Currently, both the medical professional press and the lay press are discussing the importance of the so-called Serum Neurofilament Light Chain value (abbreviation: sNfL). This is mainly due to a new study that was recently published under the leadership of colleagues from Basel in Lancet Neurology. It should be noted that in MS research, there is always a search for suitable biomarkers. These are measurements capable of predicting the severity or course of a patient’s MS and evaluating the response to the chosen MS therapy. A measurement is particularly attractive if it can be determined from the blood without much effort. Similar to the long-term blood sugar value (technical term HbA1c) for evaluating blood sugar control in diabetes.
Laboratory Value Neurofilament Light Chains
In MS, the determination of so-called neurofilament light chains has proven to be a promising laboratory value in recent years. Neurofilaments are components of nerve cells. If nerve cells are damaged by MS, for example, neurofilaments are released into the surrounding tissue and thus are a measure of nerve cell damage. In particular, the measurement value for neurofilament light chains (NfL) has proven to be a suitable laboratory value for the extent of damage to the central nervous system. Initially, however, neurofilaments could only be reliably detected in the spinal fluid of MS patients. Spinal fluid removal is not a practical way to obtain information about the disease. Because spinal fluid punctures are uncomfortable for patients and complex in execution.
Therefore, it was a breakthrough when, a few years ago, it became possible to detect even the smallest amounts of neurofilament light chains in blood serum using a new analysis technique (Single Molecule Array (SIMOA) technology). This made it possible to make statements about damage in the CNS by determining the serum neurofilament light chains (sNfL) through a simple blood draw. So much for the prehistory of this biomarker.
What is the value of the recently published work? Well, simply determining such a measurement value from the blood of MS patients is unfortunately not meaningful enough. To use such a value as a reliable biomarker (in this context, the term surrogate marker is also often used – a measurement value whose influence indicates the effect of a therapy on a disease), this biomarker must be validated and standardized. This is often a very long way.
For sNfL values, it has so far been possible to show at the group level that high values indicate an active disease and that MS drugs are capable of lowering the values to varying degrees. However, the absolute measurements are fraught with some problems at the individual level (i.e., for each patient). On the one hand, sNfL values are not specific to damage caused by MS. Even minor head injuries (e.g., a header in a soccer game), but also other neurological diseases, can lead to an increase in sNfL values. Furthermore, it is known that these values also increase with age.
Significance in early disease phase and during therapy adjustment
The value of the current work lies in the fact that samples from several thousand control individuals were analyzed. With their help, the measurements in MS patients were normalized with regard to the effects of aging and body weight. This now allows for a sharper distinction of pathologically elevated values at the individual level. In two independent cohorts of individuals with multiple sclerosis, the authors were able to show that the determination of the “normalized” sNFL can contribute to the identification of individual MS patients at risk for further disease activity.
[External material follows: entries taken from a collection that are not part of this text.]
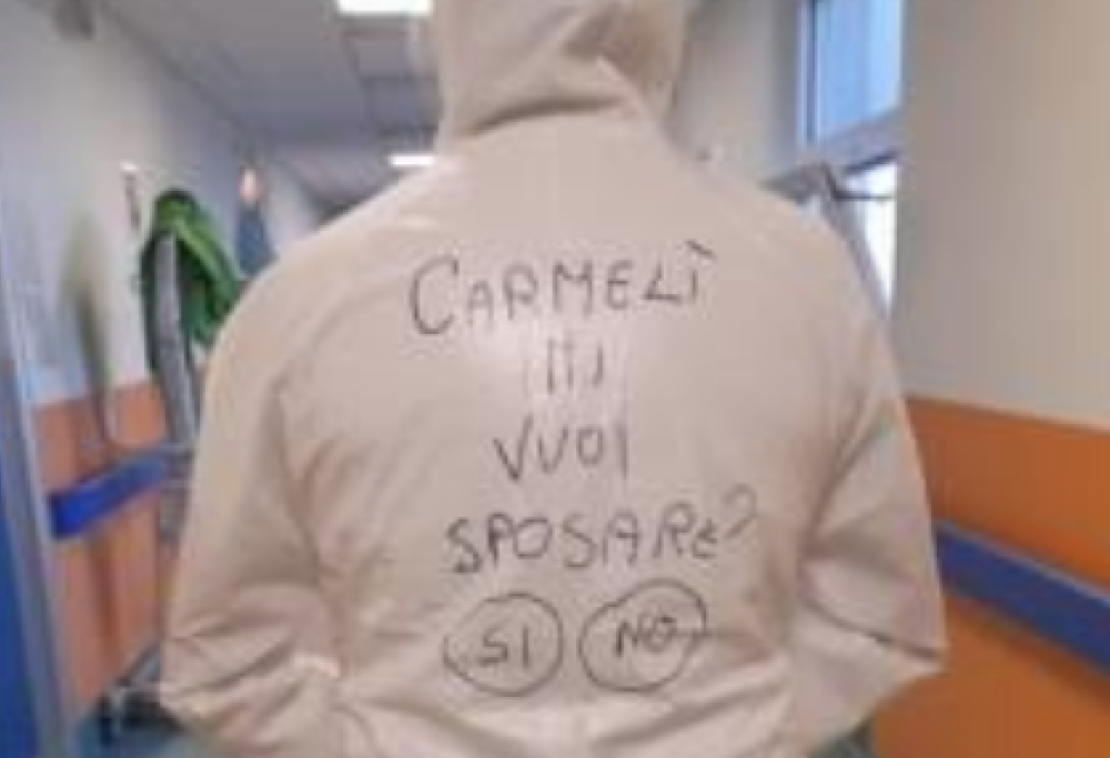Risultato fra i primi positivi al Covid e tra i primi a essere vaccinato, ha combattuto e continua a lottare in prima linea contro il virus. Proprio per questo ha deciso di convolare a nozze con la sua fidanzata, riservandole una proposta di matrimonio davvero speciale. Sulla sua tuta anti-Covid, che indossa ogni giorno per lavoro, Giuseppe ha scritto: “Carmelì, mi vuoi sposare? Sì, no”. Ha poi postato la foto sul suo profilo Facebook, taggando la fidanzata che, senza alcuna esitazione, ha risposto con un sì davvero deciso.
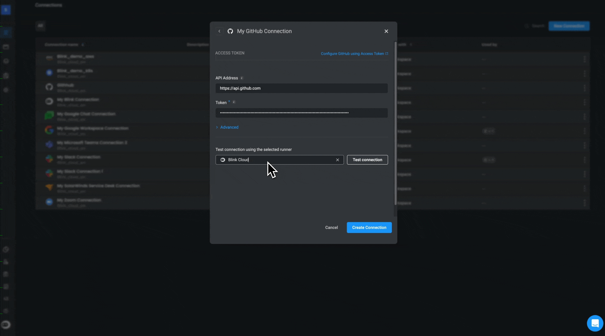 Select the runner with which to test the connection. The default runner is Blink Cloud.
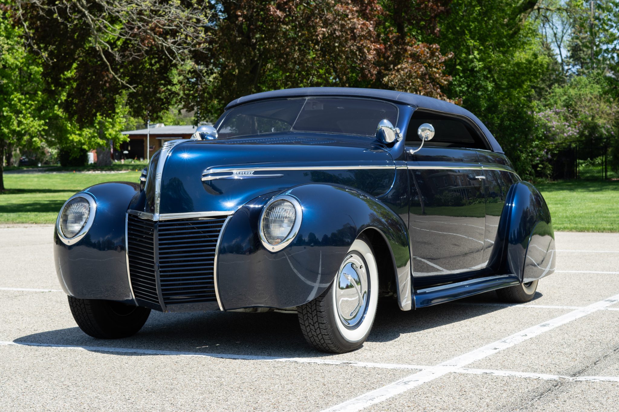 This 1939 Mercury Eight Coupe boasts a striking metallic blue finish with custom pinstriping. The build includes a chopped Carson roof and a Chevy 350ci V8, offering both style and performance. The coupe features classic hot rod elements like a louvered hood, rear fender skirts, and dual spotlights.
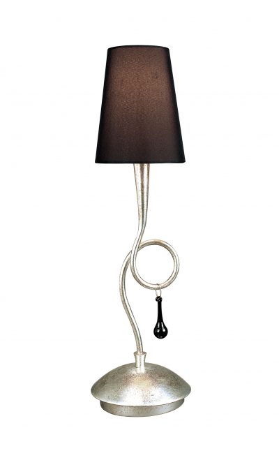 Mantra M0535 Paola Table Lamp 1 Light E14, Silver Painted With Black Shade & Black Glass Droplets
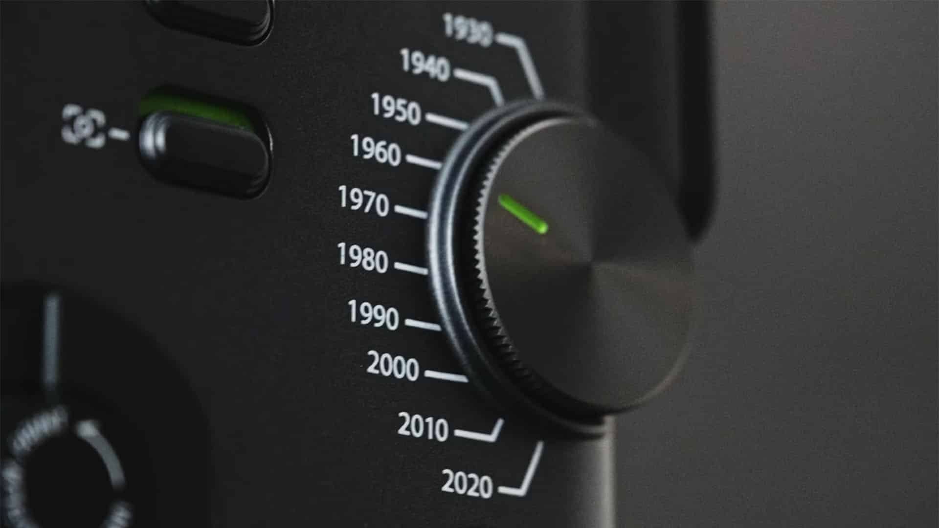 Одна из ключевых фишек камеры — это набор визуальных эффектов. Они стилизуют изображение под разные эпохи, от 1930-х до 2020-х годов, для этого на корпусе камеры есть специальный ползунок. Фильтры дополняются звуковыми эффектами, например имитацией шума кинопленки, и имеют несколько уровней интенсивности.
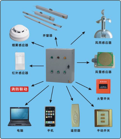 带手机远程控制;可外接风雨感应器、温度感应器、人体感应器、煤气感应器等;预留通讯接口和消防接口,可与智能家居中心及消防中心联动;可带蓄电池,停电后24小时内正常工作。

From these results, a practically relevant significance for MS patients is derived – in my view, especially in the early phases of the disease and during therapy adjustment. A possible future regular determination of the sNfL value would favor a faster adjustment of the therapy choice and a personalized early therapy decision by the treating physicians – and this would be very helpful in practice. However, it should also be considered that the analysis technique is not yet widely available. Therefore, I do not find headlines like “New Hope for MS Patients” particularly helpful. After all, it ultimately comes down to nothing more and nothing less than an improvement in care towards personalized medicine, which now needs to be implemented.